TASK GOAL: Each line of the material must be reproduced exactly; pictures stay out.
[SOURCE DATA — start]
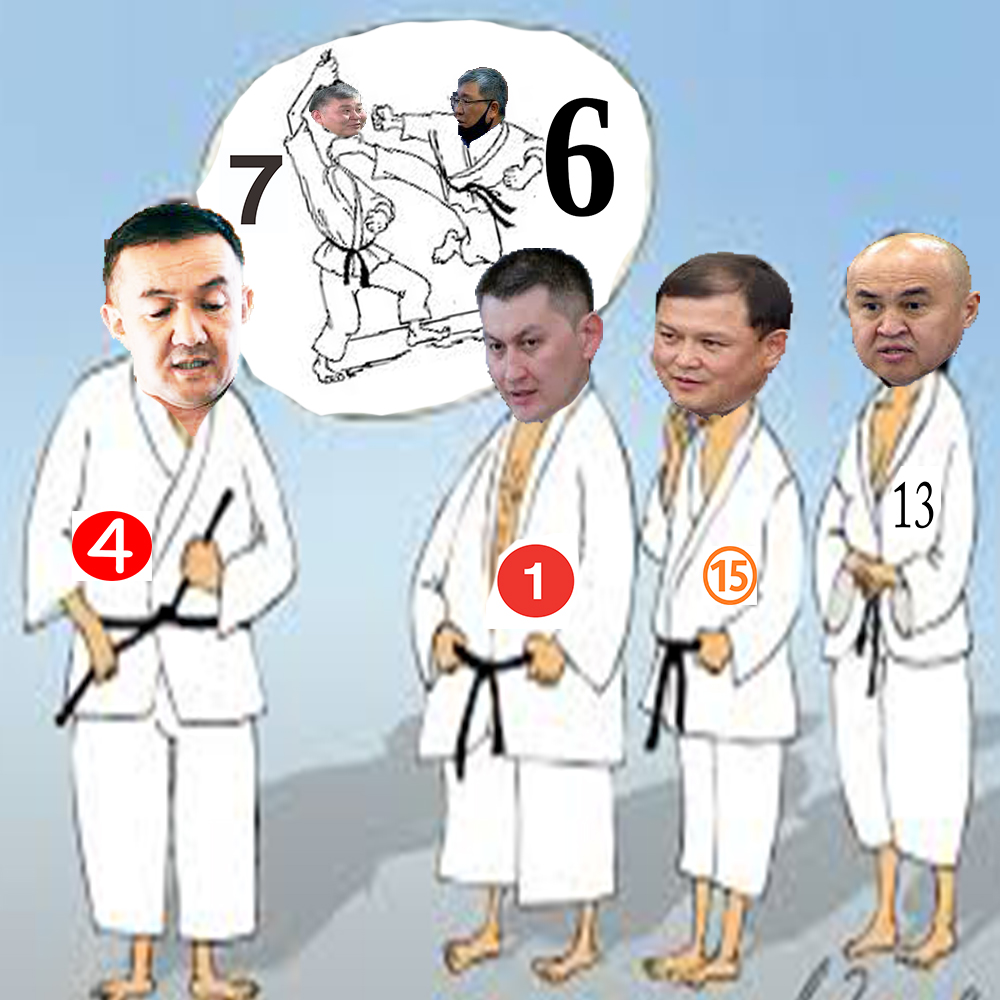 № 6 “Ата-Мекен” партиясынан, экс -милиция кызматкери жана экс-журналист, булбулдай сайраса парламенттеги бардык депутаттарын уктаткан Рыскелди Момбеков дзю-до боюнча кара пояска талапкер. Орусия президенти Владимир Путин менен дзю-до боюнча алышкысы келип жүрөт. Эгер дзю-до боюнча кара поясы бар Путинди жеңсе кара пояс алышы толук мүмкүн.
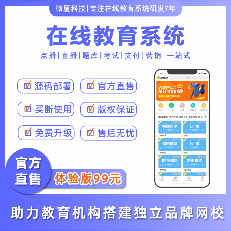 微廈在線學習系統是一款集“學練考”于一體的在線云課堂平臺,讓講師和學生能夠在云端“教在一起,學在一起”。解決日常講師和學員在線學習,線上考評,教學管理等問題。為高校,集團單位,醫院,軍隊,出版社以及各類教育培訓機構提供在線培訓考試服務。
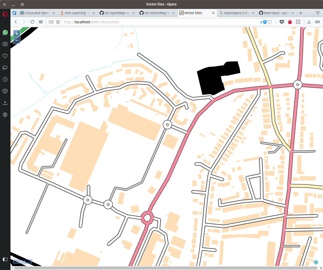 默认情况下,OpenLayers将点(即环形交叉路口)呈现为矢量,而预渲染直线(即道路)到图像。这可以使用ol.layer.VectorTile的renderMode选项来控制,该选项默认为'hybrid'。
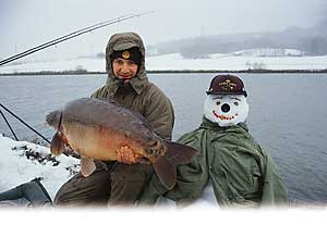 In der Winterzeit fische ich gern wenn Schnee liegt, weil mir dies ein ganz anderes Gefühl verleiht, wie das Fischen beim sommerlichen Grün. Seitdem ich in Deutschland lebe habe ich leider noch keinen richtigen Schnee gesehen, weil in meinem Wohnort der Schnee schneller schmilzt wie er fällt. Es war bisher immer so, wenn ich mit einer Futterkampagne anfing während Schnee lag, war er bis zum Tag des Angelns auch schon wieder weggeschmolzen. Vor ca. 2 Jahren konnte ich im Dezember eine Futterkampagne durchziehen und mit angeln beim Schnee beginnen. Ich hatte mit meinem Angelkollegen sehr viel Schwierigkeiten bei diesem Schneesturm unser Wohnzimmer aufzubauen. Als alles fertig war und die Köder auf dem Spot platziert, kamen mir kindliche Ideen auf die Marian nur mit Kopfschütteln reagiert hat. Ich wollte unbedingt einen Schneemann bauen und die dazu gehörende Schneeballschlacht machen und natürlich haben wir unser Angelgebiet mit unseren Namen im Schnee markiert (man weiß, wie das Kinder machen). Ich hatte irgendwie das Gefühl, daß die Fotos mit dem Karpfen im Arm neben dem Schneemann sehr witzig werden können und daß man nicht jedes Jahr diese Chance hat auf solche Bilder. Als alles fertig war gingen wir in unsere „Iglus“ und wärmten uns mit ein paar Gläsern Glühwein auf. Der Wind draußen klang wie eine Sinfonie für uns, bis ich wegen einem riesigen Döbel raus mußte. Ein paar Stunden später kam dieser lang gewünschte und erwartete Run. Ich denke, daß ich beim Rutenanhieb aufgeregter war als bei meinem ersten Karpfendrill und ich betete nur nicht den Fisch zu verlieren. Der Fisch, wahrscheinlich auch aus dem Winterschlag herausgerissen, kämpfte wie ein Verrückter. Mit wackeligen Knien hatte ich nach 15 – minütigem Kampf den Fisch über den Kescher gezogen. Beim Versuch ihn bis zu der Matte zu tragen, sah ich daß es sich um einen nicht schlechten Fisch handelt , was mir einen Freudenschrei entriss.
[SOURCE DATA — finish]
ANSWER FOR THIS EXERCISE:
 № 6 “Ата-Мекен” партиясынан, экс -милиция кызматкери жана экс-журналист, булбулдай сайраса парламенттеги бардык депутаттарын уктаткан Рыскелди Момбеков дзю-до боюнча кара пояска талапкер. Орусия президенти Владимир Путин менен дзю-до боюнча алышкысы келип жүрөт. Эгер дзю-до боюнча кара поясы бар Путинди жеңсе кара пояс алышы толук мүмкүн.
 微廈在線學習系統是一款集“學練考”于一體的在線云課堂平臺,讓講師和學生能夠在云端“教在一起,學在一起”。解決日常講師和學員在線學習,線上考評,教學管理等問題。為高校,集團單位,醫院,軍隊,出版社以及各類教育培訓機構提供在線培訓考試服務。
 默认情况下,OpenLayers将点(即环形交叉路口)呈现为矢量,而预渲染直线(即道路)到图像。这可以使用ol.layer.VectorTile的renderMode选项来控制,该选项默认为'hybrid'。
 In der Winterzeit fische ich gern wenn Schnee liegt, weil mir dies ein ganz anderes Gefühl verleiht, wie das Fischen beim sommerlichen Grün. Seitdem ich in Deutschland lebe habe ich leider noch keinen richtigen Schnee gesehen, weil in meinem Wohnort der Schnee schneller schmilzt wie er fällt. Es war bisher immer so, wenn ich mit einer Futterkampagne anfing während Schnee lag, war er bis zum Tag des Angelns auch schon wieder weggeschmolzen. Vor ca. 2 Jahren konnte ich im Dezember eine Futterkampagne durchziehen und mit angeln beim Schnee beginnen. Ich hatte mit meinem Angelkollegen sehr viel Schwierigkeiten bei diesem Schneesturm unser Wohnzimmer aufzubauen. Als alles fertig war und die Köder auf dem Spot platziert, kamen mir kindliche Ideen auf die Marian nur mit Kopfschütteln reagiert hat. Ich wollte unbedingt einen Schneemann bauen und die dazu gehörende Schneeballschlacht machen und natürlich haben wir unser Angelgebiet mit unseren Namen im Schnee markiert (man weiß, wie das Kinder machen). Ich hatte irgendwie das Gefühl, daß die Fotos mit dem Karpfen im Arm neben dem Schneemann sehr witzig werden können und daß man nicht jedes Jahr diese Chance hat auf solche Bilder. Als alles fertig war gingen wir in unsere „Iglus“ und wärmten uns mit ein paar Gläsern Glühwein auf. Der Wind draußen klang wie eine Sinfonie für uns, bis ich wegen einem riesigen Döbel raus mußte. Ein paar Stunden später kam dieser lang gewünschte und erwartete Run. Ich denke, daß ich beim Rutenanhieb aufgeregter war als bei meinem ersten Karpfendrill und ich betete nur nicht den Fisch zu verlieren. Der Fisch, wahrscheinlich auch aus dem Winterschlag herausgerissen, kämpfte wie ein Verrückter. Mit wackeligen Knien hatte ich nach 15 – minütigem Kampf den Fisch über den Kescher gezogen. Beim Versuch ihn bis zu der Matte zu tragen, sah ich daß es sich um einen nicht schlechten Fisch handelt , was mir einen Freudenschrei entriss.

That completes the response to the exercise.